-- Opening Marker --
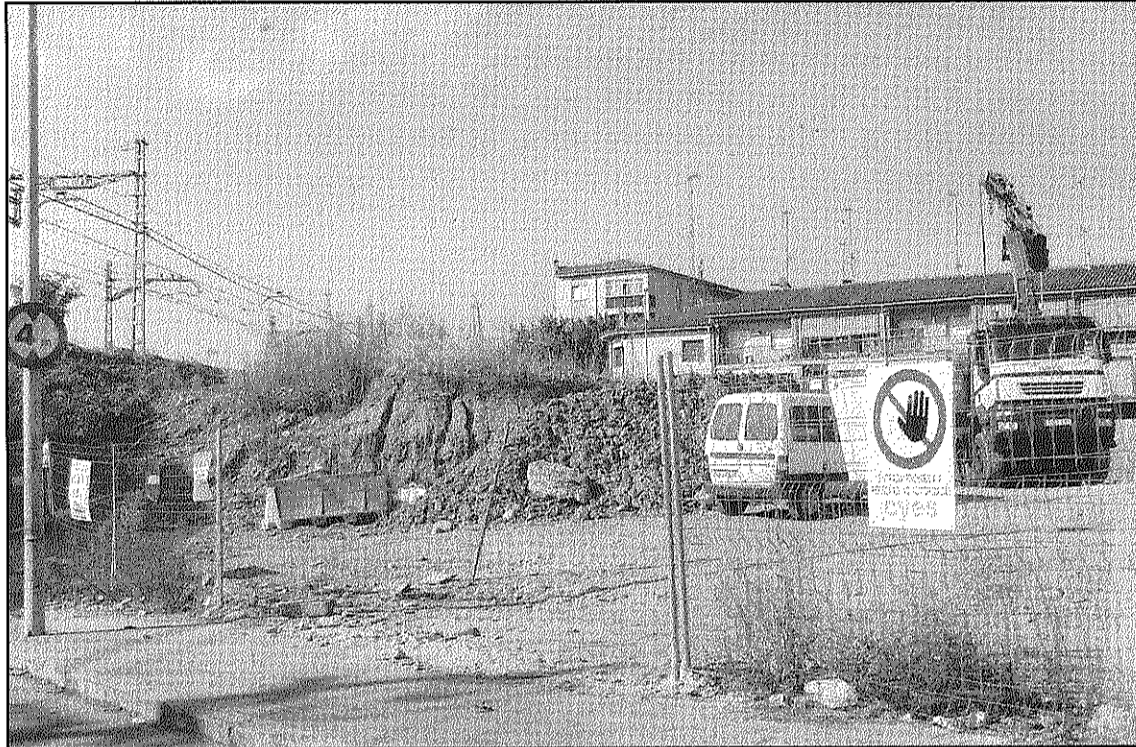
L'adjudicatària Cyes comença els preparatius per fer el calaix, esquelet del nou túnel (L'AdBM)

Aquesta operació, explica Deulofeu, està estipulada a finals
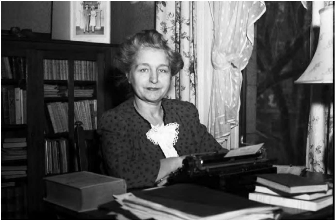
Germaine Guèvremont à sa machine à écrire, en 1946.
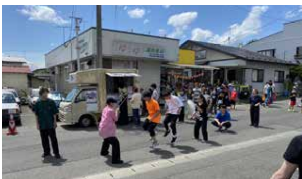
📍 「ROPE A DOPE」の華麗な演技

た、今回初めてイワナに触り、食べる体験をした。このような体験が地域の物を地域の者が認識するきっかけになると感じた」と話しました。 鷹巣子市の調査を通じ、運営している人と参加者の間に垣根がなく「地域のつながり」の強さを感じました。 参加者が増えるのとよりイベントにもぎやかにあります。皆さんも気になるイベントがあればぜひ参加してみてください！
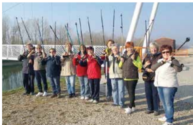
Članice Kluba za starije osobe na Nordijskom hodanju uz Dravu (Norijsko hodanje)

Usluge pruža stručni tim Centra za pomoć u kući Međimurske županije
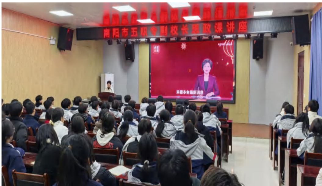
图 2-3 沙小会副校长讲思政课
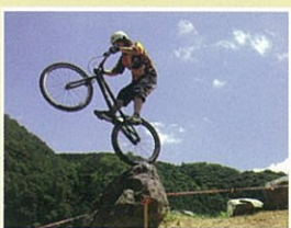
トライアルパーク
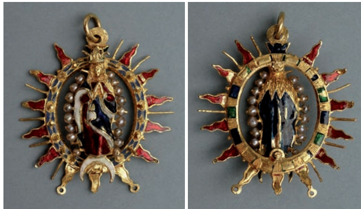
Figs. 64 y 65. Medalla Concepción, c. 1620. Oro esmaltado y perlas.
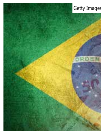
Governo quer evitar o que aconteceu no último ano

O problema para a equipe econômica de Lula é o ponto de partida do espaço para despesas em 2024, primeiro ano de vigência da nova regra fiscal.
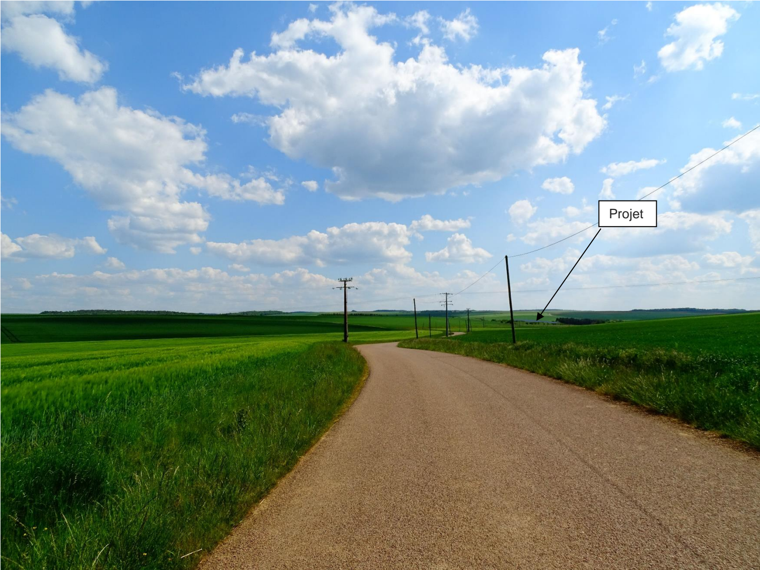
PC 6 – Lagesse – "La Haie Brunau" – Insertion du projet de construction dans son environnement
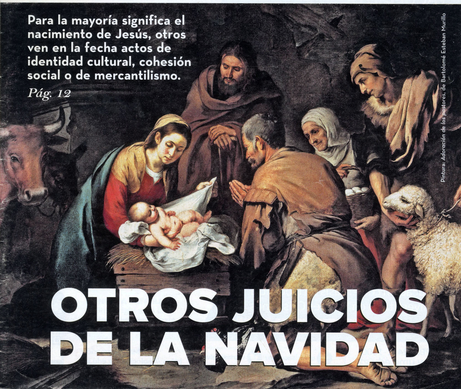
Pintura: Adoración de los pastores, de Bartolomé Esteban Murillo
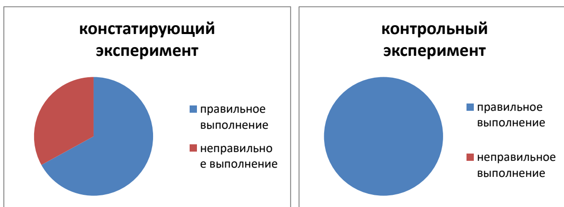
Рисунок 4 – Результаты сравнения по методике 4

Анализ исследования результатов сравнения по методике 4 – оценка пассивного словаря, отмечены на рисунке 4.
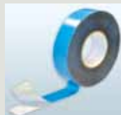
DELTA®-DUO TAPE 38
-- Closing Marker --
*Task objective*
Pull out each line of the entries that contains "методике".

*Response*
Рисунок 4 – Результаты сравнения по методике 4
Анализ исследования результатов сравнения по методике 4 – оценка пассивного словаря, отмечены на рисунке 4.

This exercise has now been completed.